(Data items)
= Beginning of Section =
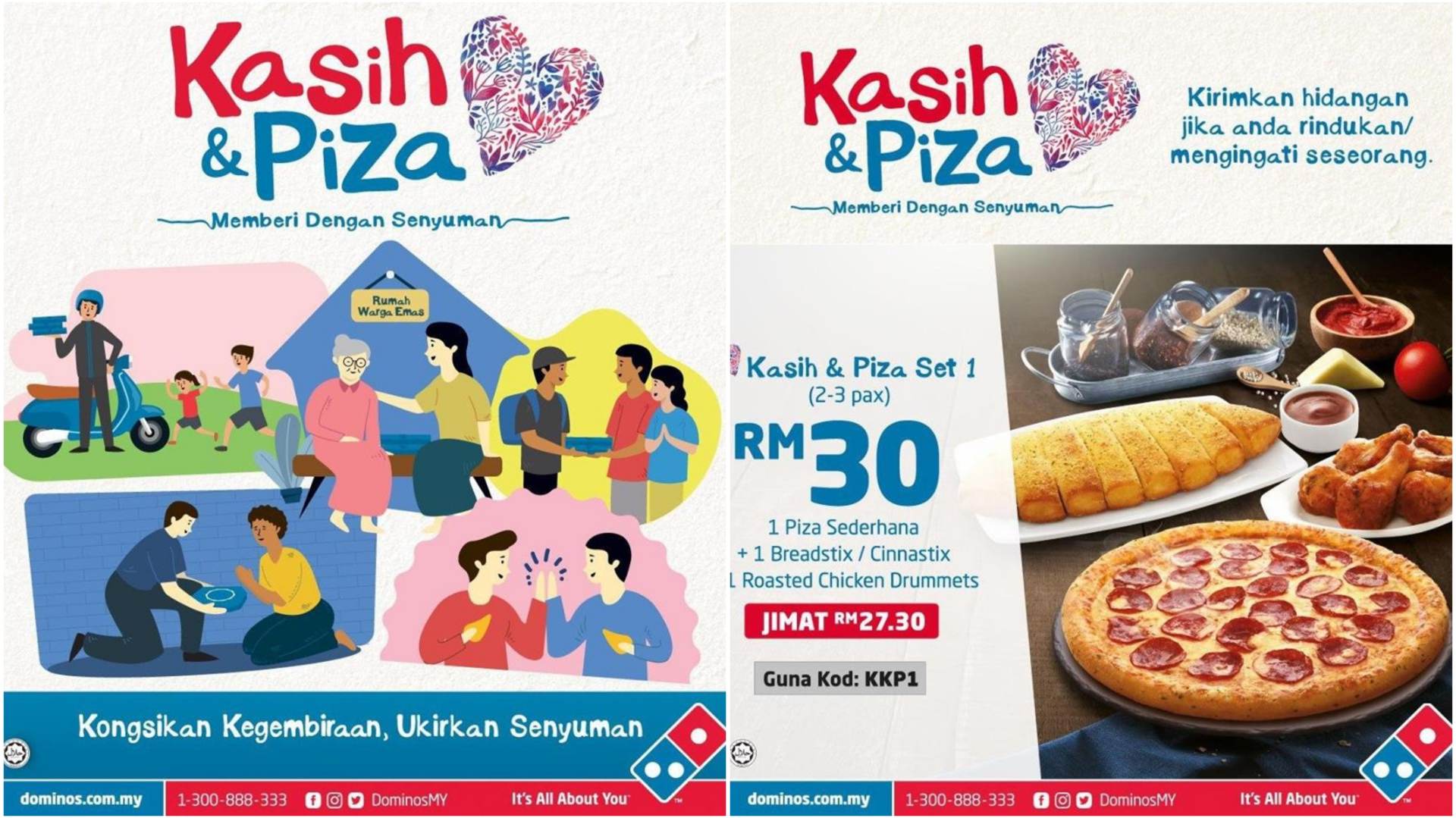 Program 'Kasih & Piza' adalah satu cara untuk sesiapa sahaja mendekati dan berkongsi pengalaman piza Domino's, dengan pilihan set hidangan 'Kasih & Piza' sama ada pakej RM30 (jimat RM27.30), RM50 (jimat RM48.70) dan RM100 (jimat RM110.20).
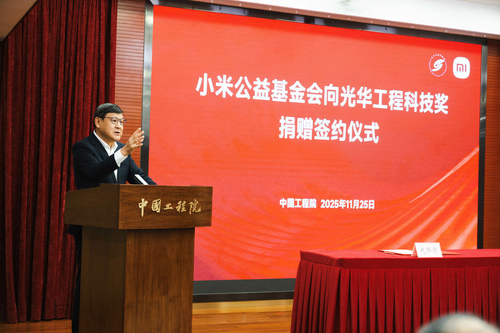 李曉紅院長向雷軍董事長及小米集團(tuán)對我國工程科技事業(yè)發(fā)展的支持,表示誠摯感謝。他指出,家國情懷鑄就了光華獎赤誠厚重的底色,30 年來,光華獎始終緊扣時代脈搏、錨定國家戰(zhàn)略,發(fā)揮對工程科技人才的激勵作用,如今,光華獎的接力棒正式傳遞到小米公益基金會手中。作為世界 500 強企業(yè),小米集團(tuán)在持續(xù)深耕自主創(chuàng)新、攻堅核心技術(shù)的同時,始終積極履行社會責(zé)任。我們堅信,在新的起點上,有小米公益基金會的接續(xù)助力,有社會各界的大力支持,光華獎必將一如既往發(fā)揮人才發(fā)掘和激勵作用,助力企業(yè)、高校、科研院所等創(chuàng)新主體深度協(xié)同,讓更多工程科技英才脫穎而出。
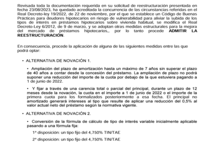 Me encuentro en la siguiente situación y necesitaría orientación sobre la decisión a tomar. Mi marido y yo somos propietarios de nuestra vivienda habitual, adquirida en julio de 2005 y sobre la que tenemos pendiente de pago unos 80.000 euros de hipoteca (30 años). Nuestra cuota actual es de casi 750 euros (revisable anualmente cada agosto). Nos encontramos en una situación de desempleo, percibiendo un Ingreso Mínimo Vital para nuestra unidad familiar de casi 700 euros. Contactamos con nuestro banco para ver qué opciones podríamos conseguir para aliviar la situación y poder seguir atendiendo nuestra hipoteca un poco menos ahogados. Nos hablaron del código de buenas prácticas y tras la presentación de toda la documentación que nos solicitaron nos dan 2 opciones.
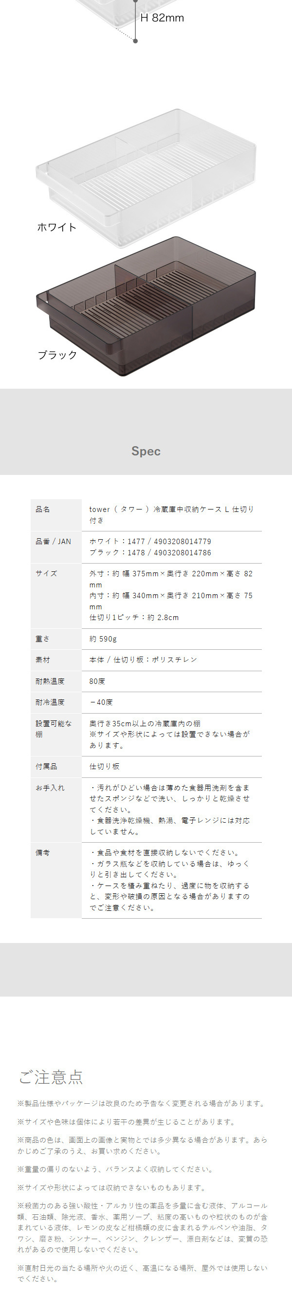 ■ 冷蔵庫中収納ケース タワー L 仕切り付き 1477 1478
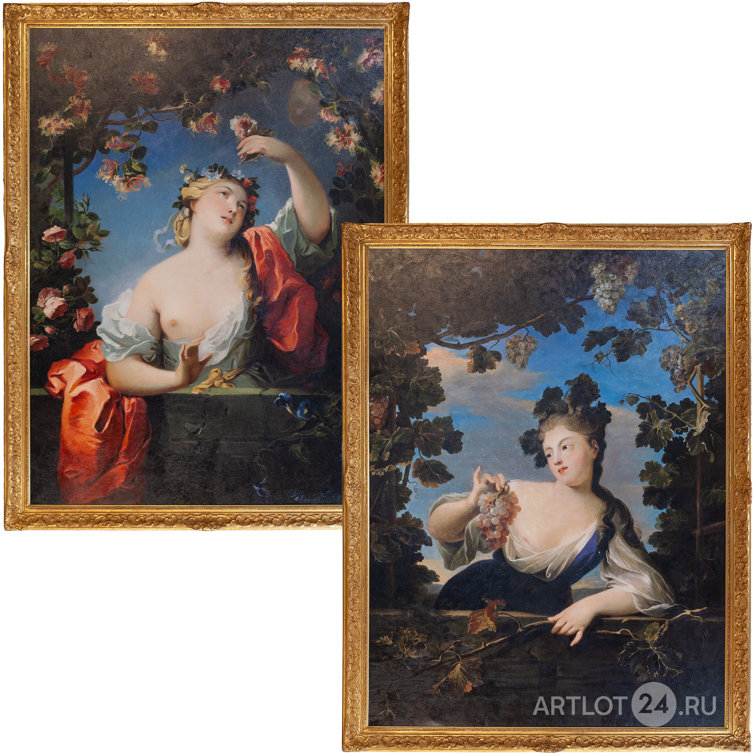 Копии с картин Робера Леврак де Турньера (1667-1752). Холст, техника жикле с применением фактурных гелей, масло, рамы в стиле Людовика XV, размер: холста 129 x 94 см, в рамах: 142 x 109 см
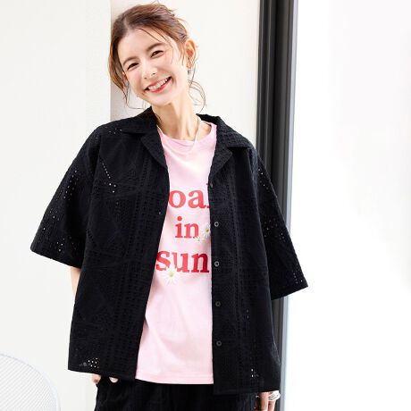 ●ボイル生地に繊細な刺繍を施した、涼しげな印象のエンブロイダリーレースシャツ
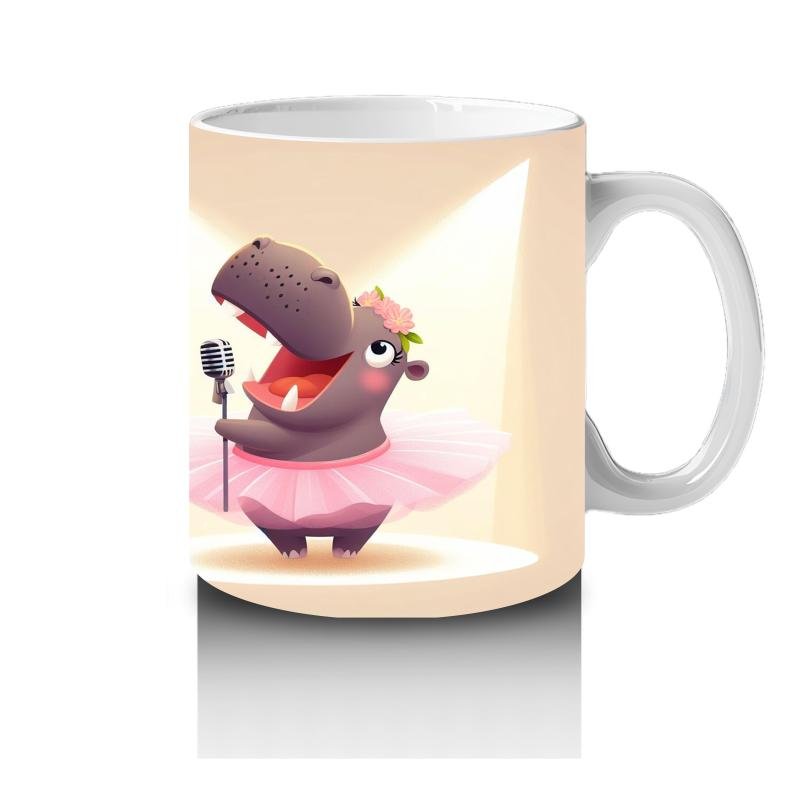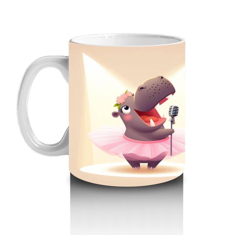 Çocuklara sütü sevdiren Mikrofonla Şarkı Söyleyen Balerin Su Aygırı Desenli Kupa Bardak tasarımlı kupa bardak. Neşeli, eğlenceli ve özel anlar için ideal hed…
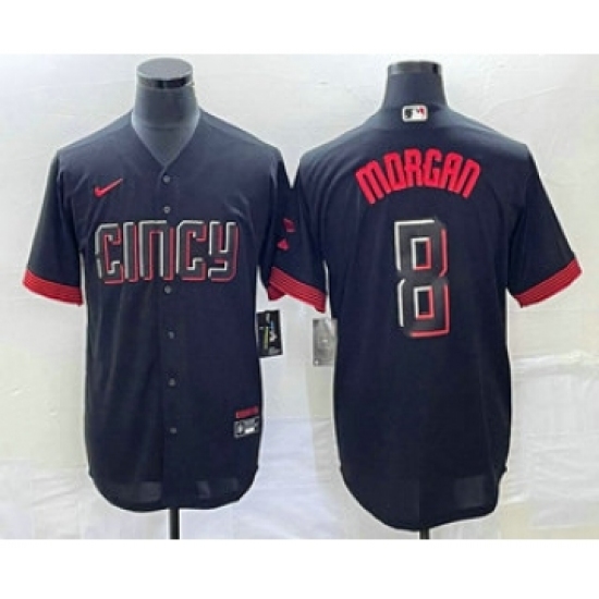 Men's Cincinnati Reds #8 Joe Morgan Black 2023 City Connect Cool Base Stitched Jersey 1
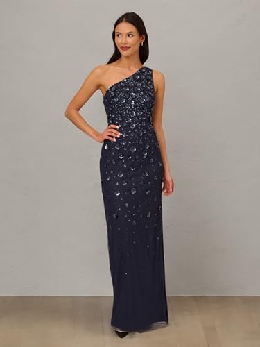 HOT ! Adrianna Papell Women's One Shoulder Beaded Gown, Dusty Navy
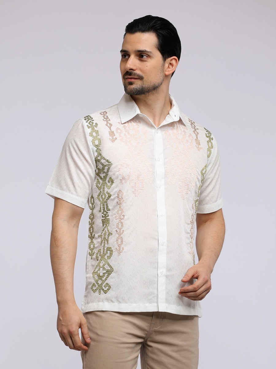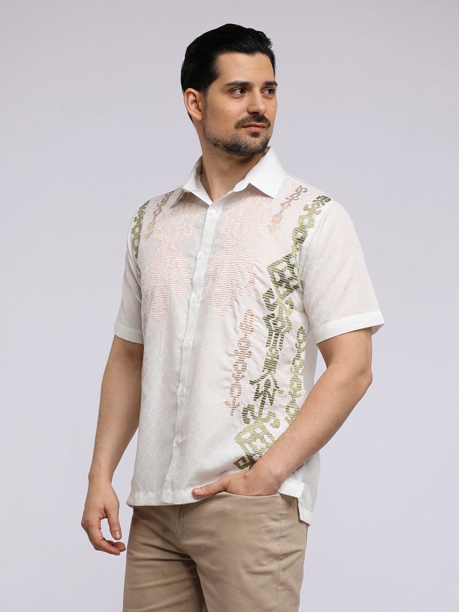 OLIVE IKAT EMBROIDERY SHIRT for a statement relax and simple shape,designed with influence of traditional Indian Ikat patterns.
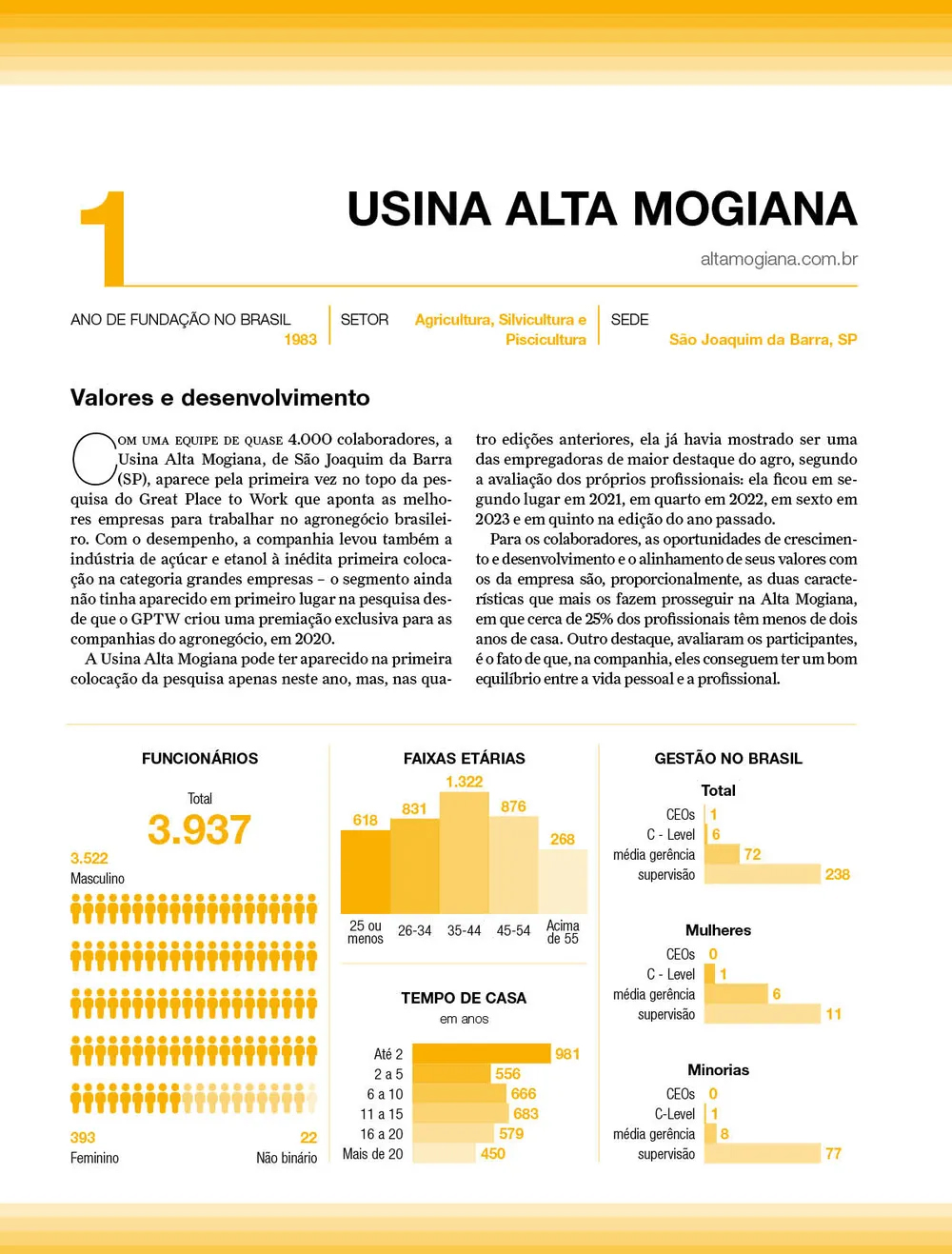 Com uma equipe de quase 4.000 colaboradores, a Usina Alta Mogiana, de São Joaquim da Barra (SP), aparece pela primeira vez no topo da pesquisa do Great Place to Work que aponta as melhores empresas para trabalhar no agronegócio brasileiro. Com o desempenho, a companhia levou também a indústria de açúcar e etanol à inédita primeira colocação na categoria grandes empresas – o segmento ainda não tinha aparecido em primeiro lugar na pesquisa desde que o GPTW criou uma premiação exclusiva para as companhias do agronegócio, em 2020.
= End of Section =
## What is required
Look above for the line with "Men's Cincinnati Reds" and the line with "OLIVE IKAT EMBROIDERY", then copy them and all lines in between exactly as written, and only those, without any pictures.

## Answer for the task
 Men's Cincinnati Reds #8 Joe Morgan Black 2023 City Connect Cool Base Stitched Jersey 1
 HOT ! Adrianna Papell Women's One Shoulder Beaded Gown, Dusty Navy
 OLIVE IKAT EMBROIDERY SHIRT for a statement relax and simple shape,designed with influence of traditional Indian Ikat patterns.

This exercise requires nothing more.